Pickled Fresh Sardines
Pickled Fresh Sardines
Sardinas en Escabeche
Ingrediënten
- 1 pound small fresh sardines
- All-purpose flour for dusting
- 2 tablespoons olive oil
- ½ medium onion thinly sliced and separated into rings
- 5 garlic cloves
- Peel of 1 lemon yellow part only
- 6 peppercorns
- 3 bay leaves
- ¼ cup vinegar
- Kosher or sea salt
Instructies
- Clean the sardines by removing the heads and bones.
- Rinse them well, pat them dry, and dust with flour.
- In a small skillet over medium heat, heat olive oil and cook the sardines until golden on all sides.
- Transfer the sardines to paper towels to dry, reserving the oil.

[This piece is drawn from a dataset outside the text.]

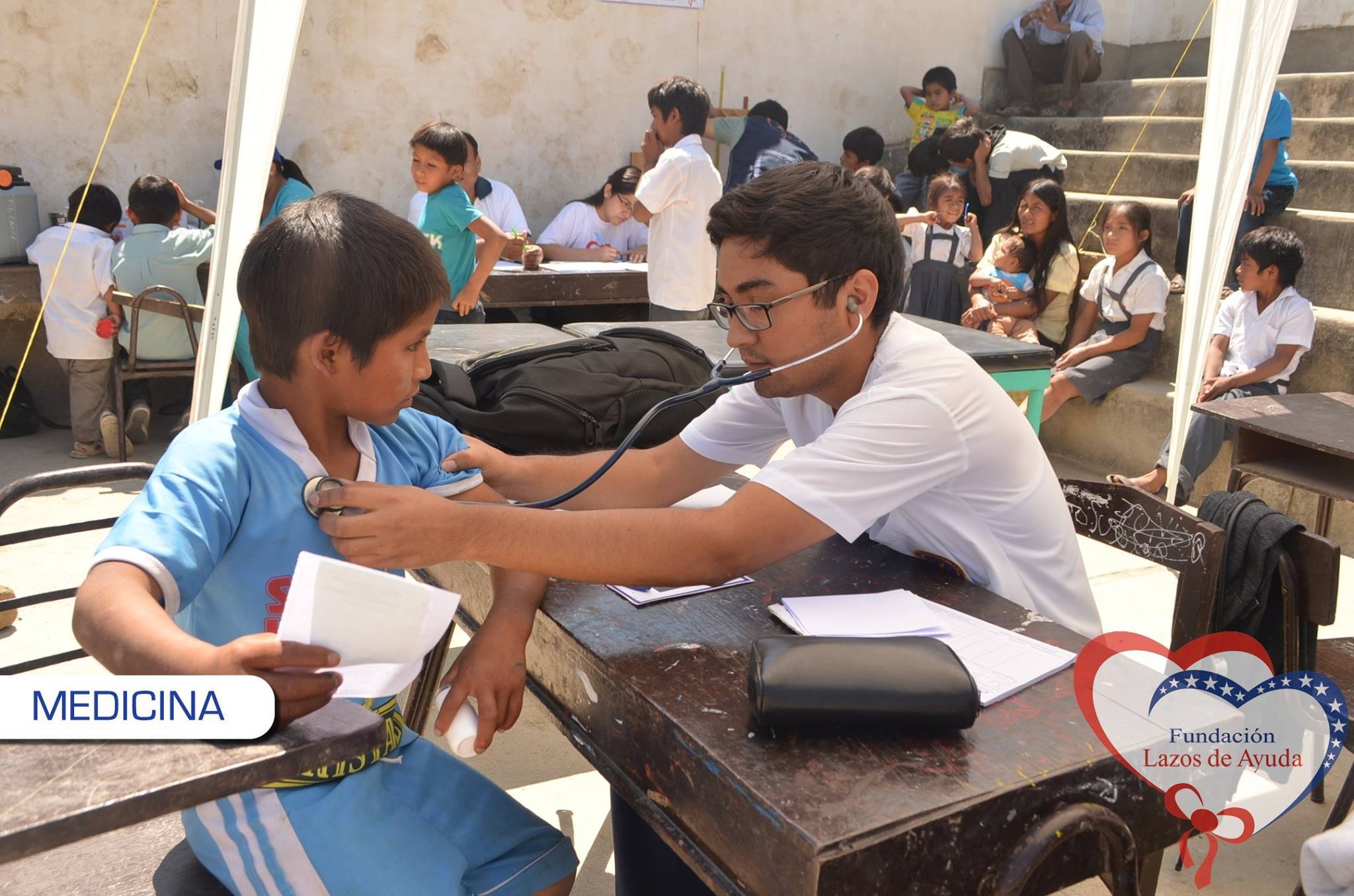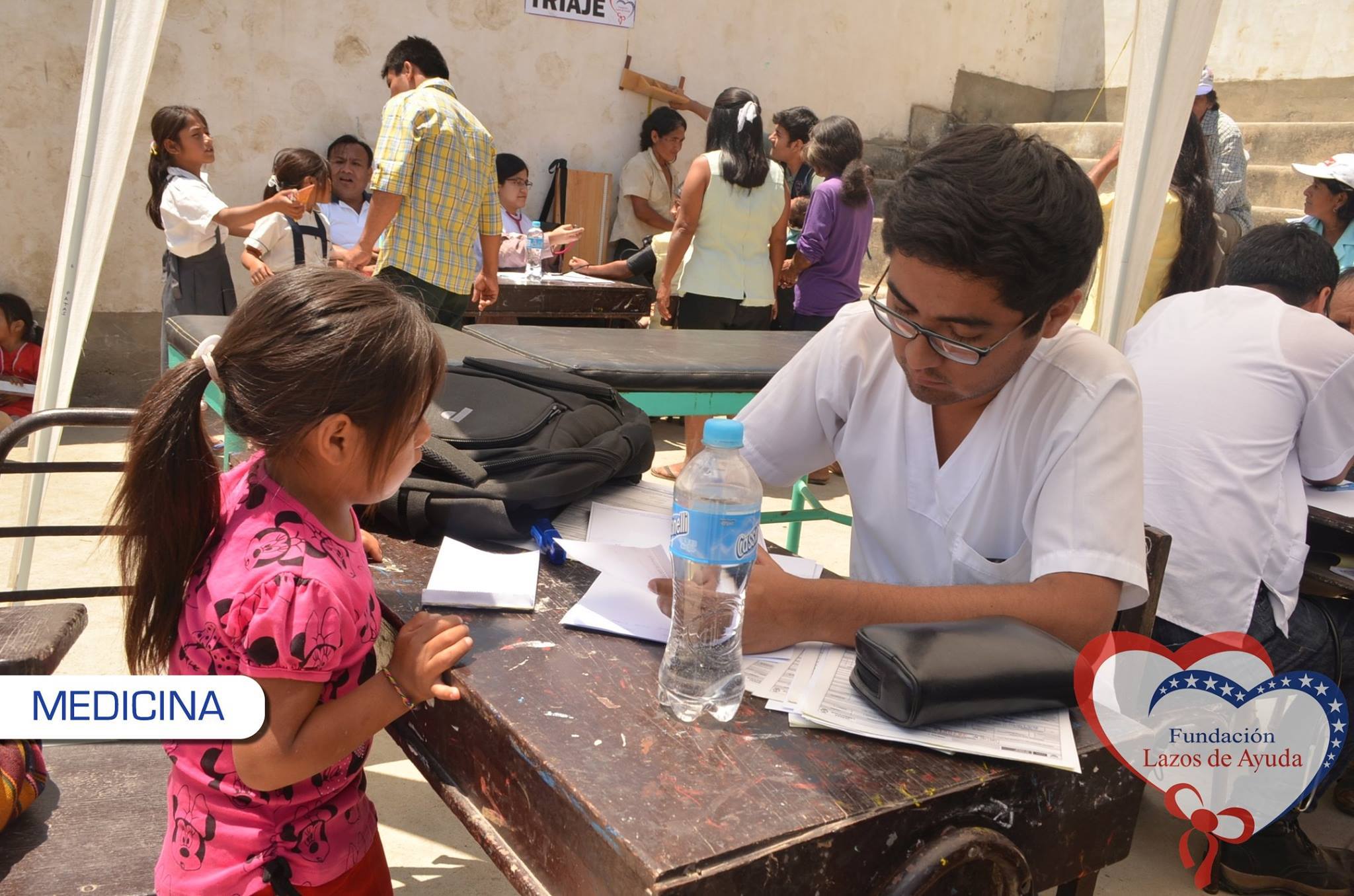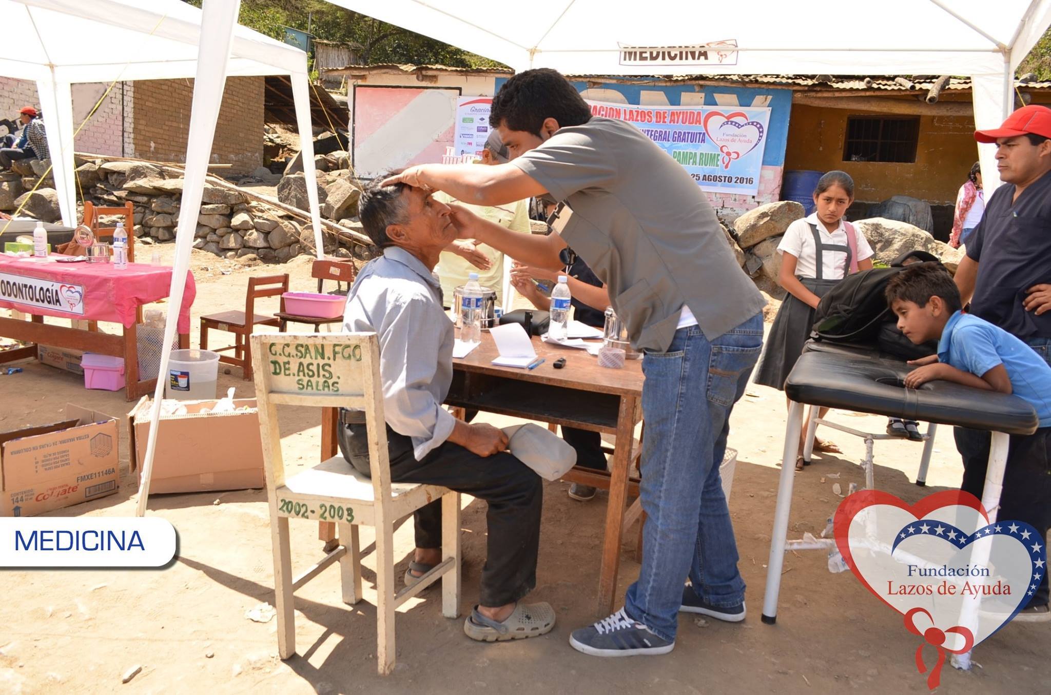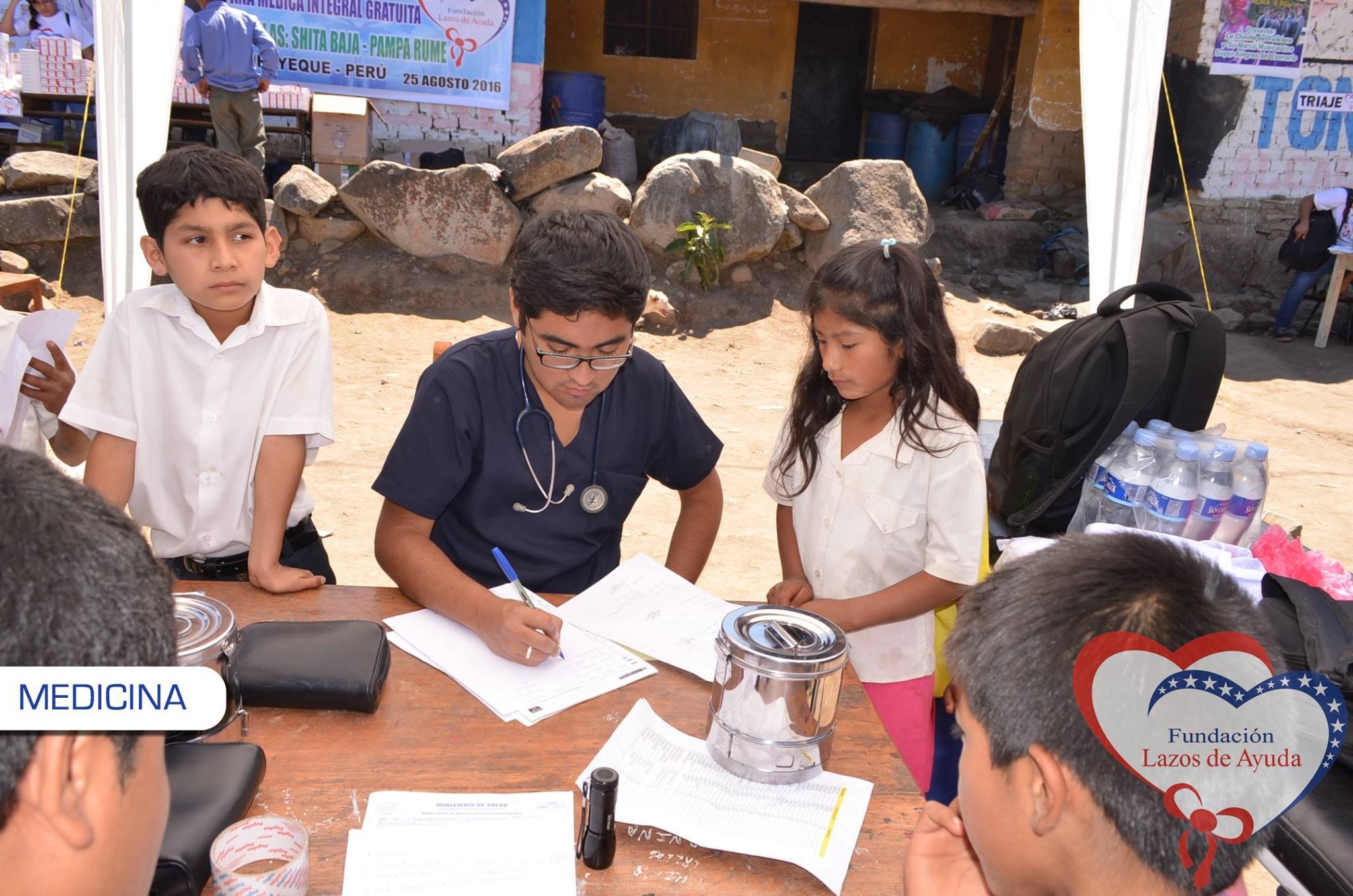 Making a bond of love through the doctors visiting the village of Sauce. Lazos de Ayuda Foundation, coordinated with the chief doctor of the medical post of the willow farm Dr. Javier Torres Valencia. Triage, General Medicine, Fluorization, Pediatrics, Psychology, Vaccination services were included during the days 25, 26 and 27 of August.

- Finally, transfer the sardines to an earthenware casserole dish or Dutch oven.
- In the same skillet with the reserved oil over medium heat, cook the sliced onion and garlic until the garlic turns golden.
- Add lemon peel, peppercorns, and bay leaves, then remove from heat.
- Transfer this mixture to a small saucepan, and stir in vinegar, salt, and water.
- Bring the mixture to a boil over high heat, then reduce the heat to low and simmer for about 5 minutes.
- Pour the mixture over the sardines in the casserole dish.
- Let it cool, and then refrigerate until 30 minutes before serving.
Notes / Tips / Wine Advice:
Discard the bay leaves. If using an earthenware dish, serve at room temperature, or transfer to a platter. Enjoy your pickled fresh sardines!